[Shootout-list] bench mark test run time, max bad score

Brent Fulgham bfulg@pacbell.net
Tue, 28 Sep 2004 21:37:50 -0700


I'm not really interested in changing the current logarithmic scoring 
system.  It works like this:

1.  All languages are run for a particular test.
2.  For each test, the "best score" is determined by locating the 
lowest non-zero score. (This is
      done for CPU, Memory, and LOC scores.)
3.  For each language, compute its score (for each test) in 
logarithmic space:

           score(x) = 1 / (1 + log2(x / b))

           where:

               x = Current test's score
               b = Best score for this test

       This yields a non-zero value from 0 to 1, which 1 being the 
"best score".
4.   Each such score is then multiplied by the weight of the test (a 
number between 0 and 5),
       yielding the language's score for that test. If a language does 
not have an entry for a test,
       its score is zero. (Again we do the same for Memory and LOC).
5.   Then the CPU/Memory/LOC scores are multiplied by their respective 
Mulipliers and the resulting
       scores are added together to the get final score.
6.  Add up all the scores for each language for each test.

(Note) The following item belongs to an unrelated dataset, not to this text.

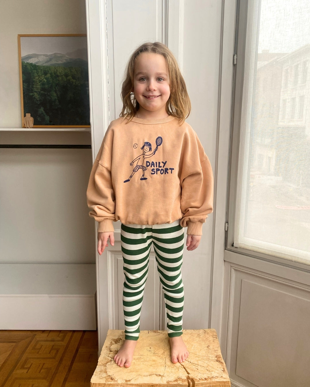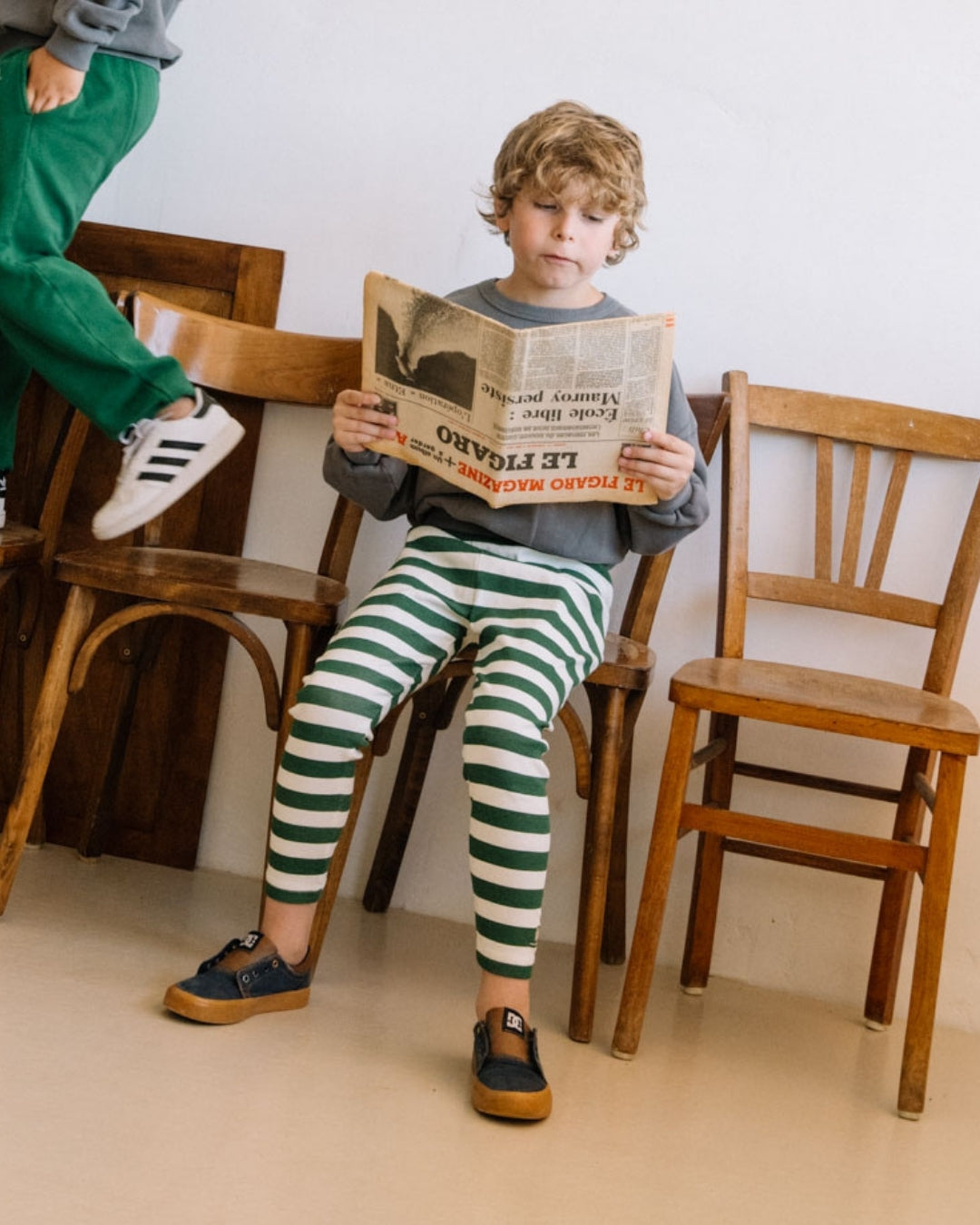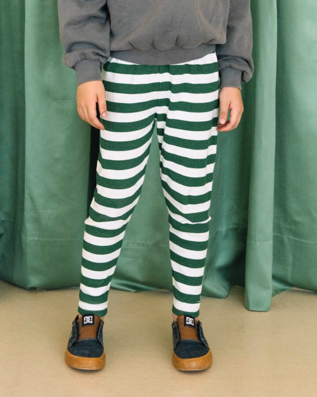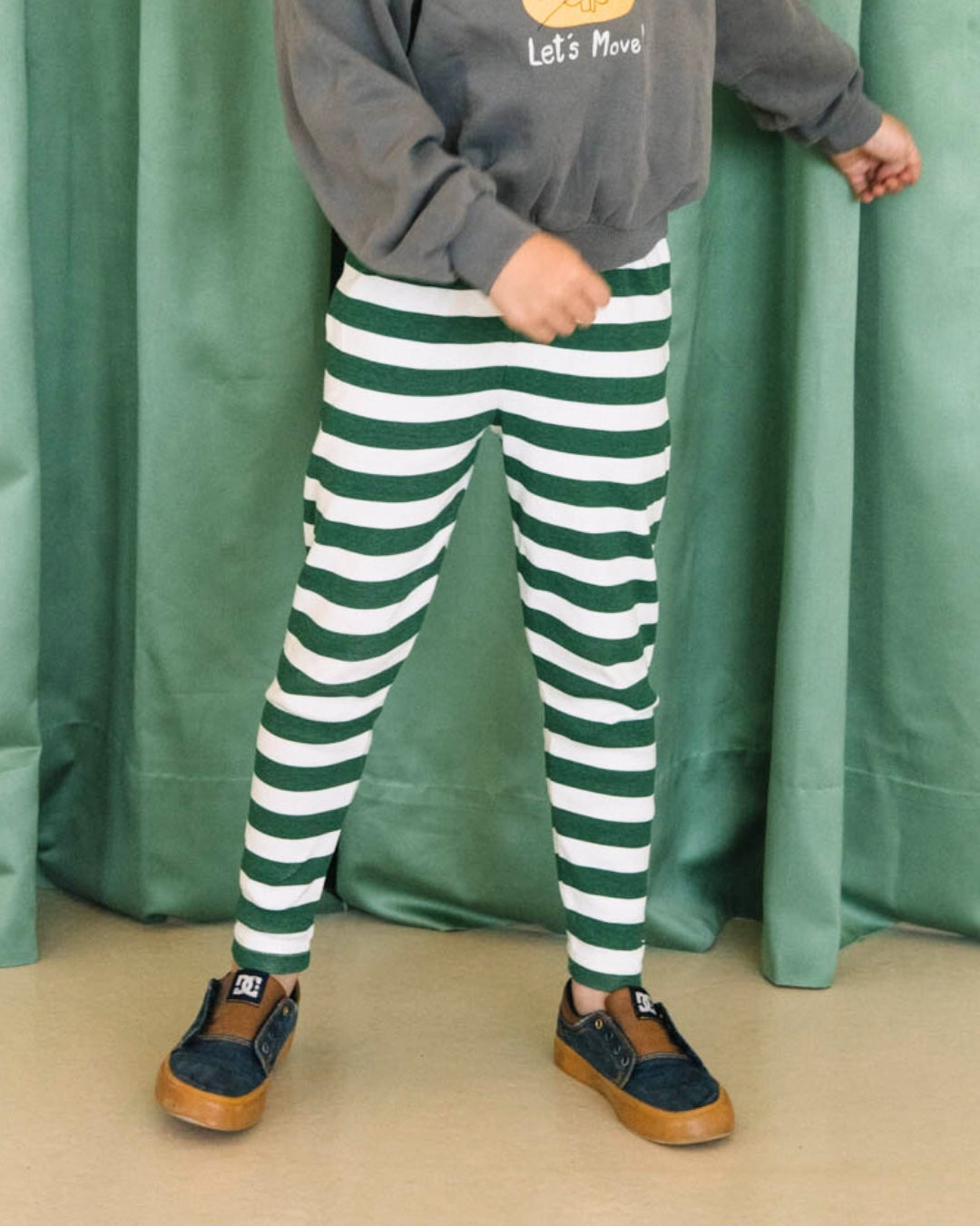We are kids - 100%有機棉窄版綠色條紋長褲 2-3Y & 4-5Y

The advantage of this approach (conceived by Stephen Weeks) is that 
high-performing tests get
spread out a bit (amplifying the relative advantages) to help 
determine "best".

If this approach is used on all machines running the shootout, the 
scoring should be very consistent
because the scores are based on relative ranking, which is somewhat 
less likely to change based on
hardware than the particular value of a given run.

-Brent